Strategi Peningkatan Resiliensi pada Generasi Gen Z di Lingkungan Bisnis
Mengingat pentingnya setiap individu memiliki sikap dan sifat resiliensi, maka seharusnya bagi kalian pelaku bisnis atau perusahaan perlu mengetahui bagaimana caranya meningkatkan resiliensi pada sumber daya manusia yang ada pada perusahaan atau bisnis kalian. Karena yang namanya resiliensi dapat dibentuk dengan beberapa cara :
- Kondisikan ruang kerja atau produksi kalian dengan adanya regulasi emosi yang tepat. Karena hanya dengan kondisi inilah resiliensi bisa di optimalkan.
- Kondisikan ruang kerja atau produksi dengan mempertahankan pengendalian impuls dalam sebuah perusahaan atau team bisnis yang ada pada suatu kondisi bisnis.
- Kondisikan ruang kerja atau produksi yang ada agar tetap terjaga sikap optimis yang akan bisa menjadikan produktivitas menjadi lebih meningkat.
- Kondisikan ruang kerja atau produksi agar bisa terjaga rasa empati dari setiap team bisnis yang ada dalam satu perusahaan.

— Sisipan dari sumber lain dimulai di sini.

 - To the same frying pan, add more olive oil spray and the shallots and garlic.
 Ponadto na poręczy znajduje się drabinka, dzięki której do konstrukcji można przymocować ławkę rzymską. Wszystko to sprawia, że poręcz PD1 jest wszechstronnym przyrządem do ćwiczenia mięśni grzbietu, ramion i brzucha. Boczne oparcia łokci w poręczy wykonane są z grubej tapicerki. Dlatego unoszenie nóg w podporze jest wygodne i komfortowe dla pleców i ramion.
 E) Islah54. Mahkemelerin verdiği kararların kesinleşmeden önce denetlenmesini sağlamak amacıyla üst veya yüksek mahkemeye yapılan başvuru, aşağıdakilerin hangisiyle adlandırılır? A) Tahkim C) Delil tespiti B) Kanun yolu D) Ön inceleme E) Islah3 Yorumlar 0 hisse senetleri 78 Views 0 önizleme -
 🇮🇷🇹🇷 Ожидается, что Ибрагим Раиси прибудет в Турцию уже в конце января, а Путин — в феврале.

- Kondisikan ruang kerja atau produksi yang ada dalam satu perusahaan agar team bisnis yang ada semakin bisa mengembangkan kemampuan dalam melakukan Analisa masalah
- Kondisikan ruang kerja atau produksi yang ada di perusahaan kalian agar tercipta satu kondisi yang mengembangkan sifat rasa percaya diri yang tinggi dari team bisnisnya.

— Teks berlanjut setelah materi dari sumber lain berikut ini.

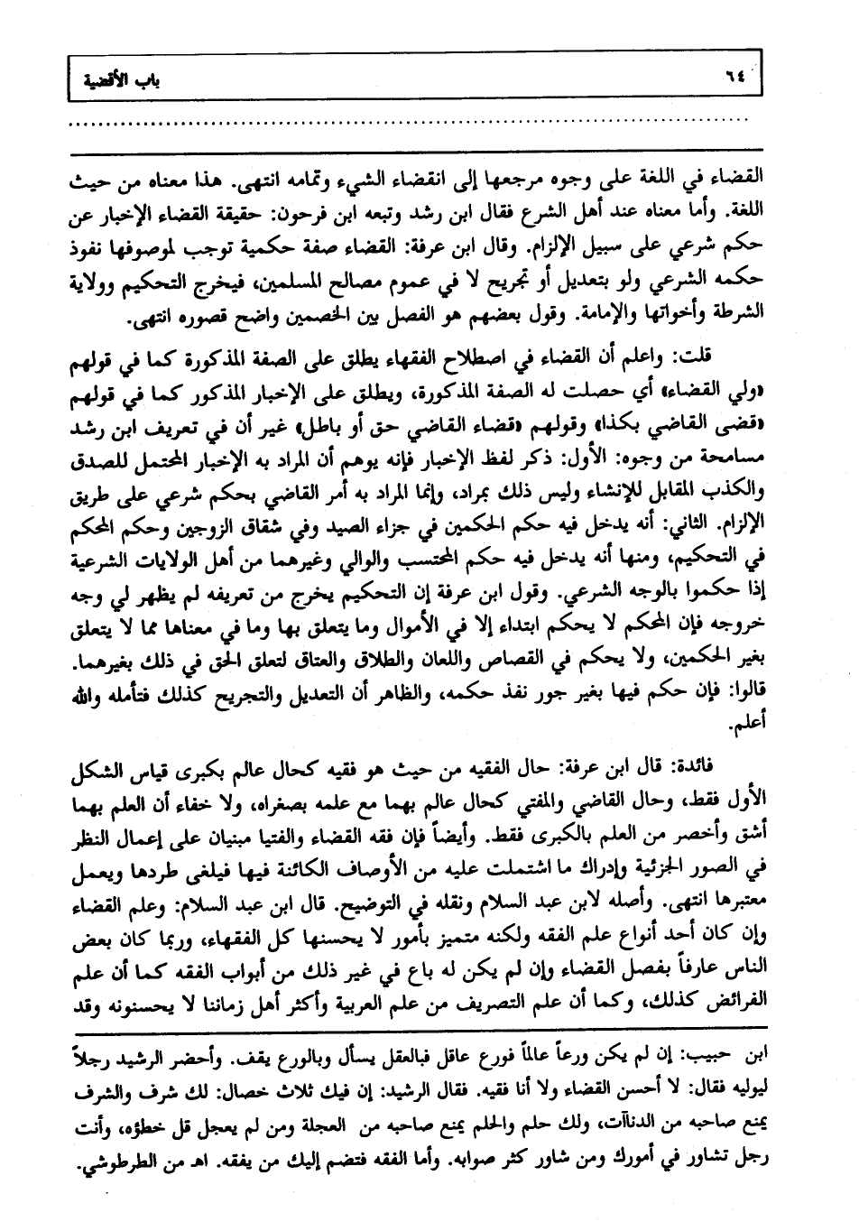 القضاء في اللغة على وجوه مرجعها إلى انقضاء الشيء وتمامه، انتهى. هذا معناه من حيث اللغة. وأما معناه عند أهل الشرع فقال ابن رشد وتبعه ابن فرحون: حقيقة القضاء: "الإخبار عن حكم شرعي على سبيل الإلزام". وقال ابن عرفة: "القضاء صفة حكمية، توجب لموصوفها نفوذ حكمه الشرعي ولو بتعديل أو تجريح لا في عموم مصالح المسلمين" فيخرج التحكيم وولاية الشرطة وأخواتها والإمامة. وقول بعضهم: "هو الفصل بين الخصمين" واضح قصوره، انتهى. قلت: واعلم أن القضاء في اصطلاح الفقهاء يطلق على الصفة المذكورة كما في قولهم: "ولي القضاء" أي: حصلت له الصفة المذكورة، ويطلق على الإخبار المذكور كما في قولهم: "قضى القاضي بكذا" وقولهم: "قضاء القاضي حق أو باطل" غير أن في تعريف ابن رشد مسامحة من وجوه: الأول: ذكر لفظ الإخبار فإنه يوهم أن المراد به أمر الإخبار المحتمل للصدق والكذب المقابل للإنشاء وليس ذلك بمراد وإنما المراد به أمر القاضي بحكم شرعي على طريق الإلزام. الثاني: أنه يدخل فيه حكم الحكمين في جزاء الصيد وفي شقاق الزوجين وحكم المحكم في التحكيم ومنها أنه يدخل فيه حكم المحتسب والوالي وغيرهما من أهل الولايات الشرعية إذا حكموا بالوجه الشرعي وقول ابن عرفة: إن التحكيم يخرج من تعريفه لم يظهر لي وجه خروجه فإن المحكم لا يحكم ابتداء إلا في الأموال وما يتعلق بها وما في معناها مما لا يتعلق بغير الحكمين ولا يحكم في القصاص واللعان والطلاق والعتاق لتعلق الحق في ذلك بغيرهما قالوا: فإن حكم فيها بغير جور نفذ حكمه والظاهر أن التعديل والتجريح كذلك فتأمله، والله أعلم.
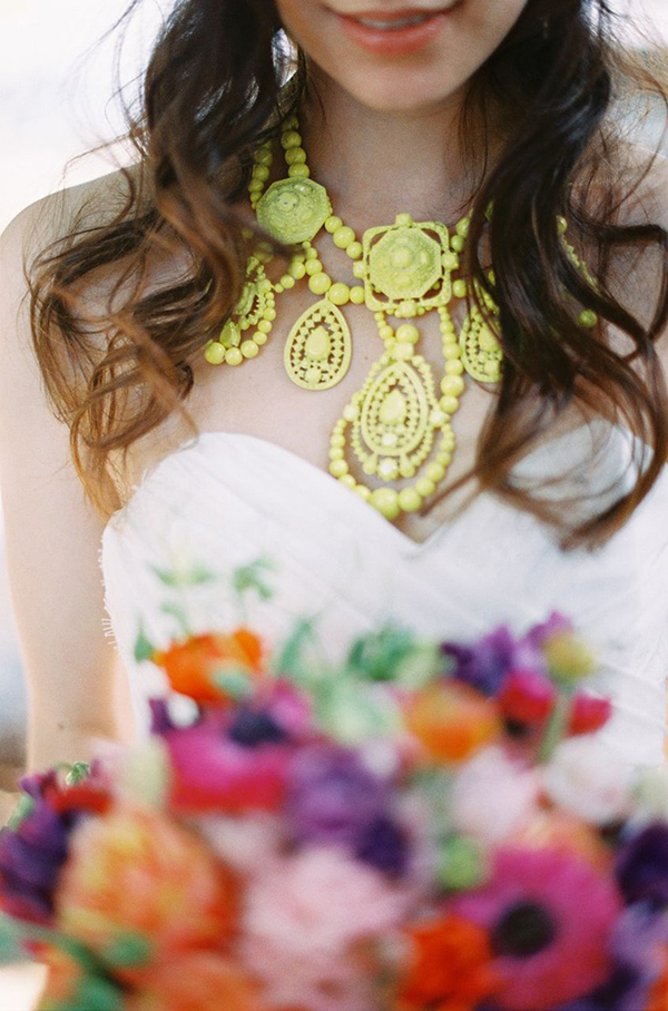 There is something so classic and timeless about a simple strand of pearls or a pendant necklace. But for the more funky, edgy, fashion-forward bride, those simple strands just aren’t enough. A bright, beaded necklace is so fun and definitely ties colors together. I am so in love with these! Every bride should try these with their dress! You might be surprised by how much you love them 🙂

- Kondisikan ruang kerja atau produksi yang ada dalam perusahaan anda agar bisa menjadi satu media untuk bisa meningkatkan aspek positif dari semua program yang ditawarkan oleh perusahaan.

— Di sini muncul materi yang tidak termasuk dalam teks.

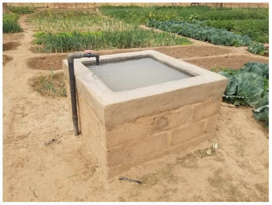 Similarly, the solutions provided by the BRACED project, aimed at alleviating the arduousness of the distribution of water to plants, were well appreciated by the farmers in the beginning, but they later showed their limits, leaving open the possibility for improvement. In fact, to solve the issue of arduousness, square basins of 1 m3 volume were built [28] to store the pumped water and allow its recovery by operators filling the watering cans, which would then be poured on the crops in the plots. The typical basin was a cement brick and mortar structure, with a surface area of 1 m2 delimited by low walls emerging about 1 m above the ground (Figure 5). The judicious distribution of a sufficient number of basins on 1 ha (between six and eight basins) undoubtedly reduced the travel time of the operators to the water from the well, but the work remained essentially arduous. In addition, it seemed that there was not enough communication with the operators—who were already making use of rustic ponds in market gardening—about a better way to build these basins. Field investigations and interviews with farmers indicated that the basins had three main weaknesses: (i) they required crossing an obstacle—the wall, which was 1 m high—to collect the water; (ii) they were not suitable for pregnant women; and (iii) they did not alleviate the arduousness of water transport by women farmers, who carried two watering cans at the same time at arm’s length and regularly complained of muscle and joint pain.
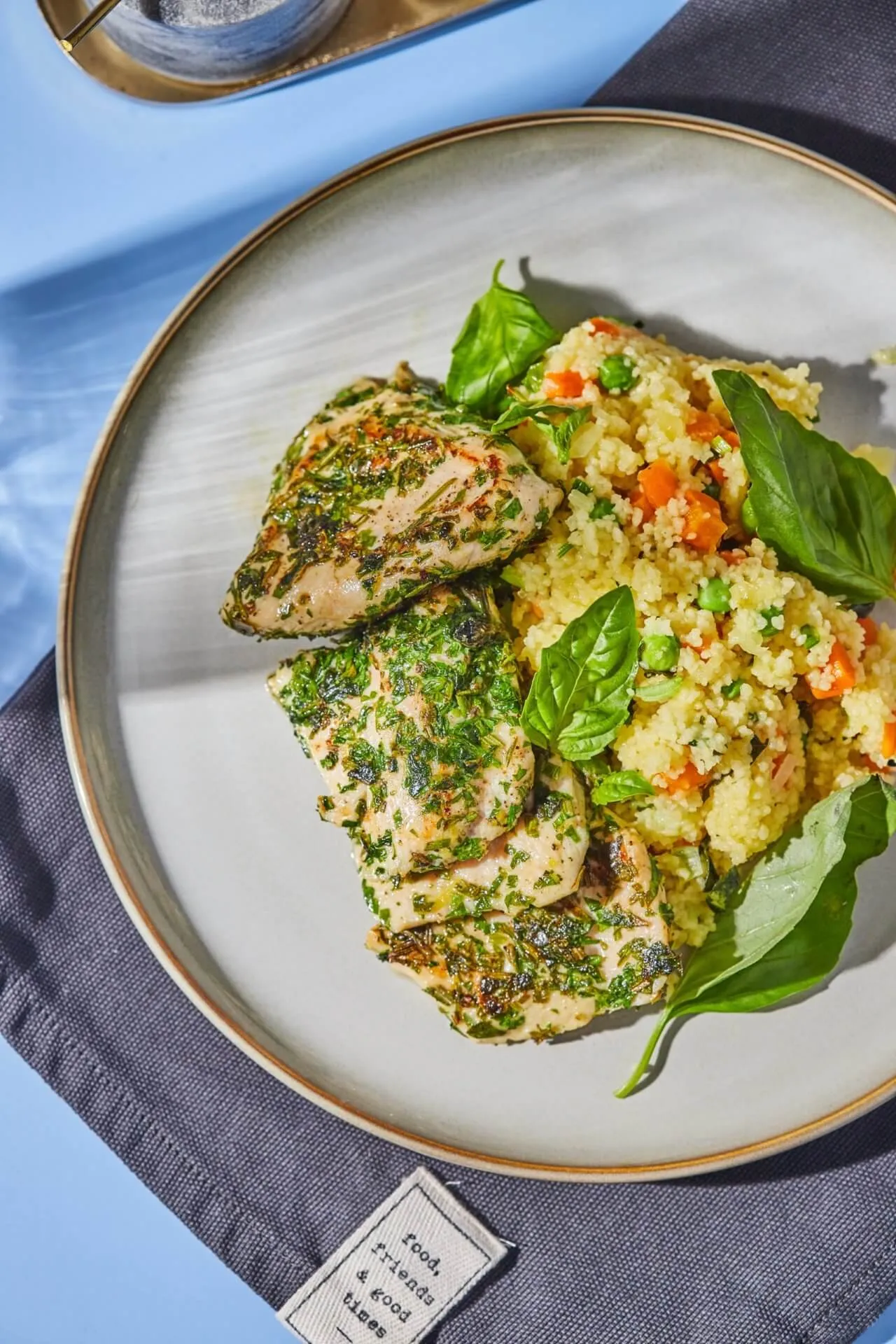A citromos csirke elkészítésének első lépéseként a húst kisujjnyi vastag szeletekre/medálokra vágjuk, sózzuk, borsozzuk, megszórjuk az aprított bazsalikommal és rozmaringgal, ráreszeljük a citrom héját, majd egy tapadásmentes serpenyőben kb. 4-5 perc alatt készre pirítjuk 1 evőkanálnyi olívaolajon.

Jika semua bisa dijalankan dengan baik sesuai dengan step by step yang telah dijelaskan diatas, maka tidak ada masalah ketika perusahaan atau pelaku bisnis mempekerjakan para Gen Z dalam bisnisnya. Karena semua itu akan bisa memperkuat team bisnis perusahaan atau pelaku bisnis yang masih taraf UMKM. Sehingga tujuannya jelas dengan adanya peningkatan skill adaptasi dan kemungkinan adanya peningkatan resiliensi akan bisa membuat perusahaan mampu berharap untuk peningkatan dan pengembangan bisnisnya ke arah yang lebih baik dengan didukung adanya satu kondisi yang mengedepankan dua unsur penting yaitu Skill Adaptasi dan Kemampuan Resiliensi dalam lingkup sebuah bisnis.